African Metalworking Traditions Meet Contemporary Art at Bard Graduate Center
One of the most pernicious lies told by slaveholders and nations built on slavery to relieve them of their guilt contends that enslaved people, on occasion, benefitted from skills acquired while enslaved. Casting aside the obvious, that no person in any way did ever or could ever benefit from an institution built on kidnapping, torture and rape–for starters–the myth holds that some enslaved individuals were taught skills that bettered their future lives once freed.
When pressed on the presidential campaign trail to defend the intellectually and morally abhorrent belief being codified as education in Florida, DeSantis said, “They’re probably going to show some of the folks that eventually parlayed, you know, being a blacksmith into, into doing things later in life. All of that is rooted in whatever is factual.”
It’s not the 833 miles separating Key West from Pensacola close to factual.
The Los Angeles Times detailed each individual cited by the Florida State Board of Education who supposedly learned a beneficial skill while enslaved to create a better life after enslavement and found, in every case, the Board of Education was mistaken in when or how–or both–the person learned his or her “skill.”
Anyone preferring to see for themselves evidence specifically destroying DeSantis’ “blacksmith” example can do so through December 31, 2023, during the exhibition “SIGHTLINES on Peace, Power, and Prestige: Metal Arts in Africa,” on view at the Bard Graduate Center Gallery just across the street from Central Park on West 86th Street in New York.
“One of the greatest assets that displaced populations brought with them to the Americas were their skills as blacksmiths amongst many other skills in the making and use of the metal arts,” Drew Thompson, associate professor at Bard Graduate Center and curator of “SIGHTLINES on Peace, Power, and Prestige: Metal Arts in Africa” told Forbes.com, noting that African metalworking traditions in the exhibition date back as far as the 9th century. “In no way did enslavement, the condition of economic and cultural captivity that African populations faced, impart skills in blacksmithing.”
“SIGHTLINES’” intersection with the culture wars and presidential politics is completely incidental. The exhibition has been in the works for years, and ironically, was organized and debuted in 2020 at the Harn Museum of Art at the University of Florida.
Thompson’s primary aim with the show was challenging long-held institutional conventions of keeping African historic and contemporary artworks separate and siloed.
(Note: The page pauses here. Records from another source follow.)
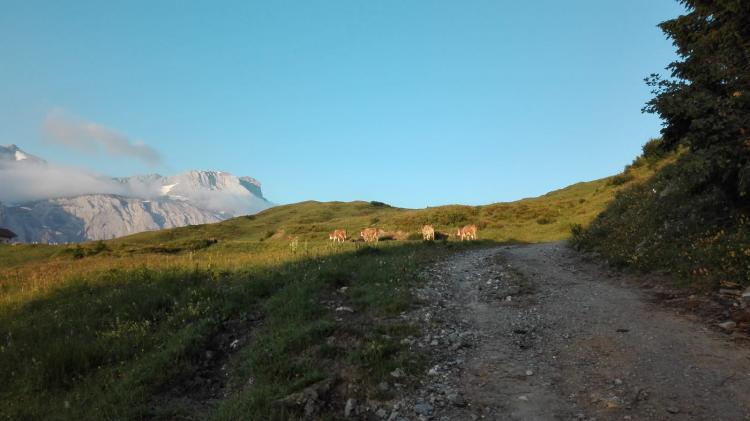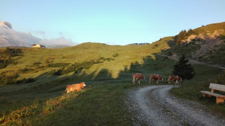 Der Tag beginnt bei uns um 5 Uhr. Raphael trägt die Käselaibe vom Vortag ins Salzbad und macht das Melkzeug bereit. Ich heize den Tiba-Herd ein. Mit Holz heizen wir das Wasser im Boiler. So verfügen wir immer über genug warmes Wasser für die Käserei, für die Küche, zum Heizen und Duschen. Nach einem gemeinsamen Kaffee bin ich bereit, die Kühe zu holen. Rocky wartet schon ganz ungeduldig auf seine Arbeit. Das Küheholen ist eine meiner Lieblingsaufgaben auf der Alp - aber zugleich manchmal auch die anstrengendste, wenn die Tiere andere Pläne als das Heimspazieren haben. Morgensport ist es auf jeden Fall.
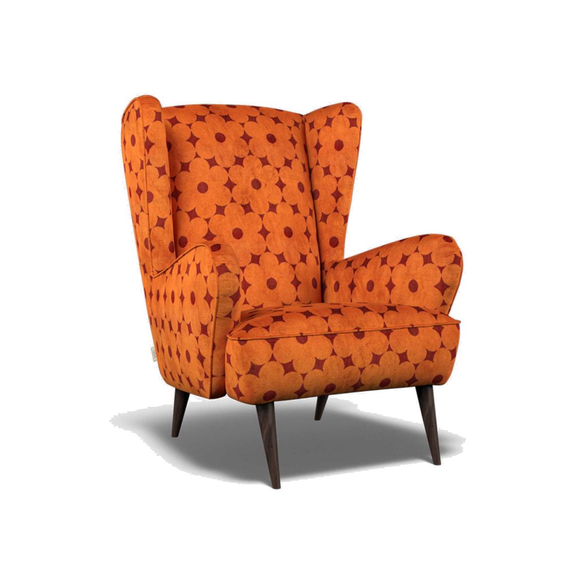I love this armchair’s bold, retro-inspired pattern, which makes it a real statement piece. It’s versatile enough to work well in eclectic, vintage, or contemporary interiors - especially when you want to add a pop of colour and personality. The rich orange tone pairs beautifully with neutral palettes or complementary shades like deep blues or slate greys. For styling tips, try keeping surrounding furniture simple to let the chair shine or mixing it with other textured fabrics for a layered look. Its classic silhouette also means it fits comfortably into both cosy living rooms and stylish reading nooks. Just make sure to keep the fabric protected with appropriate treatments if you plan to use it frequently in high-traffic areas.
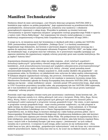 Manifest Technokratów Niedawno dotarł do mnie zatrważający „List Otwarty dotyczący programu NATURA 2000 w kontekście jego wpływu na polską gospodarkę”. Jego sygnatariuszami są przedstawiciele firm, przedsiębiorstw, stowarzyszeń samorządowych, armatorzy oraz naukowcy i członkowie pozarządowych organizacji z całego kraju. Wszystkie te podmioty są również twórcami „Porozumienia w sprawie wspierania inicjatyw i programów rozwoju gospodarczego Polski w oparciu o walory rzek i Morza Bałtyckiego”. Zaś wspomniany list otwarty został podpisany w czasie konferencji zorganizowanej w Krajowej Izbie Gospodarczej w Warszawie 28 maja 2004 r. Z uwagi na to, że inicjatywa może być brzemienna w skutkach jeśli idzie o polską sieć NATURA 2000, postanowiłem zaznajomić Czytelników „Dzikiego Życia” z co bardziej znamiennymi fragmentami tego dokumentu. Już bowiem w pierwszym akapicie sygnatariusze zwracają się z apelem do najwyższy władz „o wstrzymanie wdrażania Programu NATURA 2000”, nie będąc zdaje się świadomymi tego, iż program musi być wdrażany, bo w przeciwnym wypadku (pomijając już zapewne nieistotne dla sygnatariuszy względy ochrony przyrody) grozi nam wysoka kontrybucja. Kto ją zapłaci? Autorzy listu? Argumentacja dramatycznego apelu zdaje się jakby znajoma: „brak rzetelnych uzgodnień i konsultacji społecznych” (przyrodnicy również mogą tak powiedzieć, choć w zgoła odmiennym kontekście), „brak przeanalizowania koncepcji pod względem zabezpieczenia przeciwpowodziowego” – argument powtarzany często również przez tych, którzy „chronią” przed powodzią nawet niezamieszkałe kompleksy leśne. Kolejny argument to „brak analizy skutków dla gospodarki” – nie przypominam sobie, by Dyrektywy czy jakiekolwiek inne wytyczne do takiej analizy zobowiązywały. W kolejnym akapicie sygnatariusze wyrażają, oby prorocze, stwierdzenie, że „Programem objęto 15% powierzchni kraju”. Jak wiadomo, a było to też wiadome w momencie tworzenia owego listu, Ministerstwo Środowiska zgłosiło do Komisji Europejskiej listę obszarów NATURA 2000, wg której zajmują one łącznie – ostoje siedliskowe i ptasie – niewiele ponad 10% powierzchni kraju, skąd zatem to 15%? Oczywiście przyrodnicy życzyliby sobie, aby przynajmniej tyle sieć NATURA 2000 zajmowała, ale w tym kontekście nie sposób oprzeć się przekonaniu, że kogoś chce się po prostu nastraszyć „ekspansją” ochrony przyrody. Pozostała część tego akapitu również warta jest zacytowania i omówienia, brzmi bowiem tak: „Do Programu włączone zostały m.in. doliny głównych rzek wraz z korytami: Wisły, Odry, Bugu, Narwi, Pilicy, Warty, Noteci. A przecież wykorzystanie tych głównych rzek powinno stanowić jedno z ważniejszych zadań zapisanych w programie rozwoju gospodarki kraju”. Nie wiem, co jest zapisane w programie rozwoju gospodarki kraju – mam zresztą poważne wątpliwości, czy taki program w ogóle istnieje, bo obserwując rzeczywistość, trudno go zauważyć – wiem natomiast, że w Strategii Rozwoju Województwa Lubelskiego oraz w Planie Zagospodarowania Przestrzennego tegoż województwa stoi, że dolina Bugu to korytarz ekologiczny i takie funkcje powinna pełnić. Zaś w Paneuropejskiej Strategii Różnorodności Biologicznej i Krajobrazowej dodatkowo jako taki korytarz (jeden z 8 w Europie) zapisana jest również dolina Wisły. Nie podejrzewam też sygnatariuszy listu o brak inteligencji, jestem niemal przekonany, że wiedzą oni dobrze, jaka była historia regulacji Renu, Loary i innych rzek w Zachodniej Europie i jak teraz zapory i „betonowania” na tych rzekach wysadza się w powietrze. A wziąwszy to pod uwagę, jedno nasuwa mi się wytłumaczenie – chcą zrobić kasę na tym, jak to określają, „gospodarczym wykorzystaniu” rzek nie licząc się z niszczeniem walorów przyrodniczych. Sądzę, że kraj nasz stać na to, by uczyć się na błędach innych, nie zaś Manifest Technokratów 1 betonować najpierw, by potem ogromnym kosztem „rozbetonowywać”. O takim drobiazgu, że doliny i pradoliny rzeczne to najcenniejsze ekosystemy w naszym kraju, w tym towarzystwie chyba nawet nie warto wspominać. Dalej następuje coś, co nazwałbym budzeniem demonów: „Wiemy, że nie może powtórzyć się przeszłość w najgorszej formie kiedy to tylko władza (przecież przemijająca) wie lepiej, a inni, których decyzje dotyczą (niemal wszystkie samorządy w kraju!), są w błędzie, nie rozumieją nowego”. Znów rzuca się w oczy wielka nieścisłość, bo można by zapytać: jakie to „wszystkie samorządy w kraju”, skoro NATURA 2000 zajmuje nieco ponad 10% powierzchni kraju? Nikt nie zarzuca samorządom, że „nie rozumieją nowego” one go po prostu nie znają. Nie mają wiedzy o sieci NATURA 2000, co jest niestety zawinione również przez samych przyrodników. Te spośród gmin, które są w tej materii uświadomione, zachowują się zupełnie inaczej: same wystosowują zapytania do ministerstwa środowiska, dlaczego „zabrano” im obszary NATURA 2000, jak na Jurze Krakowsko-Częstochowskiej, lub nawet chcą zakładać Centra Natury 2000, jak na Lubelszczyźnie. Dalej czytamy: „Program NATURA 2000 w żaden sposób nie powinien zahamować rozwoju gospodarczego w rejonach głównych rzek, nie powinien pogłębiać strefy bezrobocia, stwarzać zagrożeń powodziowych”. To kolejne „strachy na samorządy”. A cóż stwarza większe zagrożenia powodziowe i zwiększa ilość strat, jeśli nie prowadzenie „rozwoju gospodarczego” w dolinie rzecznej? Zabudowa teraz zalewowych czy lokowanie tam jakiejkolwiek infrastruktury gospodarczej to jak zapalanie zapałki w składzie prochu, a następnie dziwienie się, że nastąpił wybuch. Rzeka jest „organizmem żywym”, jest dynamiczna, zmienna sezonowo – nawet jeśli przez kilkadziesiąt lat jest „w miarę spokojna”, to zawsze może z

This show puts them in relationship with each other by creating literal and metaphorical ‘sightlines.’
Bringing together African metal arts dating predominantly from the 19th and early 20th centuries with contemporary works by artists from Africa and the African diaspora, “SIGHTLINES” accelerates a shift in the interpretation and understanding of African art and material culture.
“African art departments in the United States feature historical collections and the modern and contemporary art by African and Black Diaspora artists is collected by other departments. As I mounted this exhibition, I faced questions about why we should even show contemporary artworks alongside historical ones, especially when the contemporary works seemingly have no relationship to the historical,” Thompson explained. “This query reflects a purist view that the contemporary has no place in historical African art. For me, the historical and the contemporary are intimately intertwined.”
Thompson gives two of many examples from the show.
“Lubaina Himid’s Drowned Orchard features maritime imagery and other elements of the decorative arts that resonate with the aesthetic designs of the metalworks, offering a space to consider the cultural and belief practices that materialize and connect people across the Diaspora,” he said. “Similarly, Radcliffe Bailey in Ebo’s Landing works with relics associated with his ancestors’ captivity and freedom, and offers new pathways to consider the beliefs, cultural practices, and histories established through the displayed metal works.”
The exhibition installation provokes the interplay between historic and contemporary by utilizing an unusual layout that maps ‘sightlines’ between the objects, and between makers, users, and viewers.
A series of long walls unites the galleries on each floor. The historic metal works are mounted by theme on platforms of varying height within the walls, facilitating unexpected associations to form among objects from vastly different cultures, geographies, and time periods. Contemporary works are installed outside of the walls, enabling visitors to view them both individually and through the transparent plexiglass of the long walls, creating constantly shifting associations with the historic objects as visitors move through the galleries.
“The long wall exhibition design allows visitors to have a 360-degree view of the displayed historical works—something generally not afforded to African art objects,” Thompson said. “Furthermore, one cannot see the historical without the contemporary and vice versa.”
More than 140 historic works on view include staffs and figures from the Mande smiths of Mali; regalia of the Edo chiefs of Nigeria; sacred objects of the Tusian, Gan, and Lobi peoples of Burkina Faso; ceremonial swords, gold weights, and personal adornment of the Akan people of Ghana; currencies, ceremonial staffs, and weaponry from Congo, as well as a broad range of other extraordinary works in metal. Contemporary makers contribute large-scale sculptures, photography, weavings, metal work, and multi-media installations.